Starting at the line with "WILLIAM HOGARTH (1697" and stopping at the final line, retype the data below exactly; do not carry over any pictures.
START PROVIDED DATA
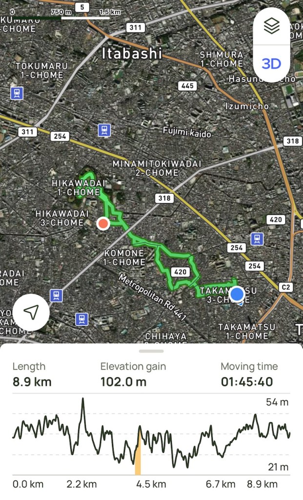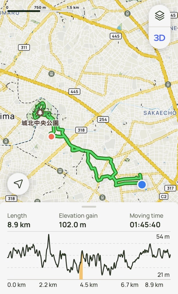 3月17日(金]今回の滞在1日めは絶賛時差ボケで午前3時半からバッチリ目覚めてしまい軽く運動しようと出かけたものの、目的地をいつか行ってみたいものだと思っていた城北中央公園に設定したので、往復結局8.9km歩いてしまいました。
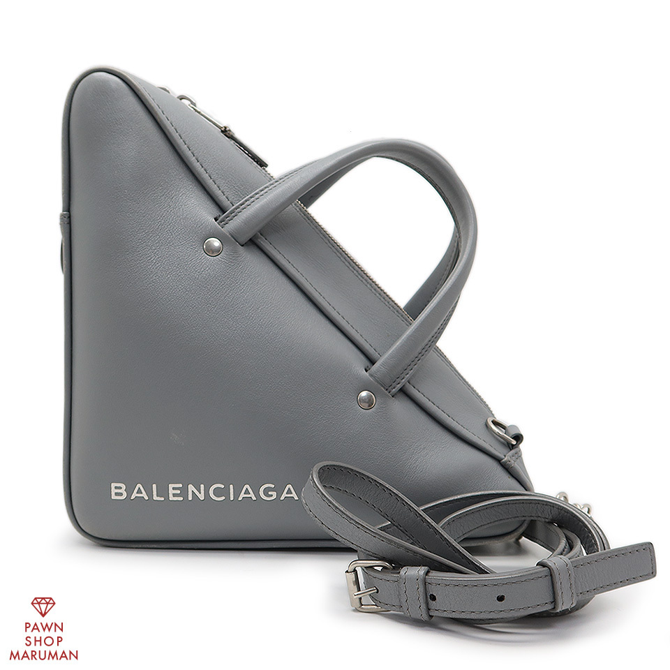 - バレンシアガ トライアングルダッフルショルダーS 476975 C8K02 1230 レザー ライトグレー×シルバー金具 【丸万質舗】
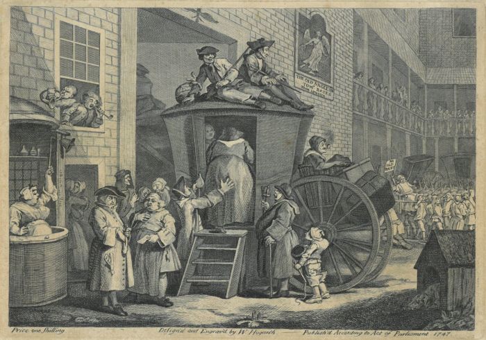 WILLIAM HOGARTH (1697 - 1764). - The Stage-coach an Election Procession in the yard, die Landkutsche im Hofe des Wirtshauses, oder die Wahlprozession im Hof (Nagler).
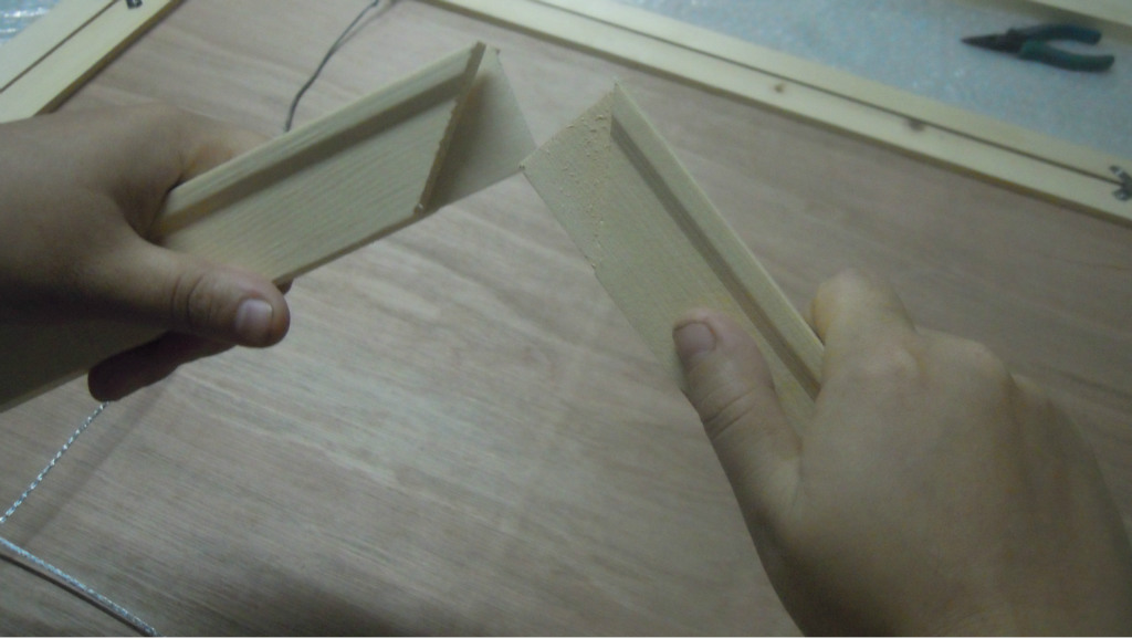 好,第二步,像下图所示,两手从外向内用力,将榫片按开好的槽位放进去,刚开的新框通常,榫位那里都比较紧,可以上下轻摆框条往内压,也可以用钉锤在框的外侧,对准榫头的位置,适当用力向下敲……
END PROVIDED DATA
**ANSWER TO THIS PROBLEM:**
 WILLIAM HOGARTH (1697 - 1764). - The Stage-coach an Election Procession in the yard, die Landkutsche im Hofe des Wirtshauses, oder die Wahlprozession im Hof (Nagler).
 好,第二步,像下图所示,两手从外向内用力,将榫片按开好的槽位放进去,刚开的新框通常,榫位那里都比较紧,可以上下轻摆框条往内压,也可以用钉锤在框的外侧,对准榫头的位置,适当用力向下敲……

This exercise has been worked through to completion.